- What Is It?
- Symptoms and Signs
- Other Therapies
- How to Prevent
What Facts Should I Know About Eye Allergies?
Why do I have eye allergies?
Approximately 20% of the population suffers from allergic conditions, the most common environmental allergies. Allergic reactions to environmental agents that involve the eyes are common. An allergic reaction that affects the conjunctiva, a clear layer of the mucous membrane overlying the eyes, is referred to as allergic conjunctivitis.
Allergic conjunctivitis is divided into several major subtypes, with the most common subtypes being seasonal allergic conjunctivitis (SAC) and perennial allergic conjunctivitis (PAC). SAC and PAC are triggered by an immune reaction involving a sensitized individual and an allergen. Simply stated, this means that if someone is allergic to a particular substance, such as pollen, and then is exposed to it, this triggers an allergic reaction.
What are the symptoms of eye allergies?
In the eyes, the allergic reaction causes itchy eyes, watery eyes, red eyes, and/or swollen eyes.
What Causes an Eye Allergy?
Ocular (eye) allergies often affect the conjunctiva, a clear layer of mucous membrane overlying the eyes. This clear layer of mucous membrane is the same type of mucous membrane that lines the inside surface of the nose. As these two areas are so similar, the same allergens (substances that induce an allergic reaction) can trigger the same allergic response in both areas.

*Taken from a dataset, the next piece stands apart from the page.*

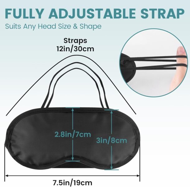 Review: These eye-masks are light as a feather, and don’t irritate my skin. And I can wear a mask throughout the night with no discomfort.The masks come in bulk because they’re semi-disposable – I get about week’s use out of one, then toss it.The straps are long, and the only way to adjust them is to tie a knot in the strings to get the snug fit that I like.As far as blocking out light, I give them an A-minus. A high grade considering the low price.

Common allergens include the following:
- Dust mites
- Pets (especially cats and dogs)
The main difference between SAC and PAC is the timing of the symptoms.
- In an individual with SAC, symptoms are generally limited to a defined period of time.
- Typically, tree pollen causes symptoms in the spring, grasses cause symptoms in the summer, and weeds trigger symptoms in late summer and fall time until the first hard frost.
- Symptoms generally resolve during other times of the year, particularly during the wintertime.
- In an individual with PAC, symptoms are generally present throughout the year.
- Instead of being triggered by outdoor allergens, symptoms are triggered by indoor allergens, such as dust mites, pets, mold, and even cockroaches, particularly in urban areas.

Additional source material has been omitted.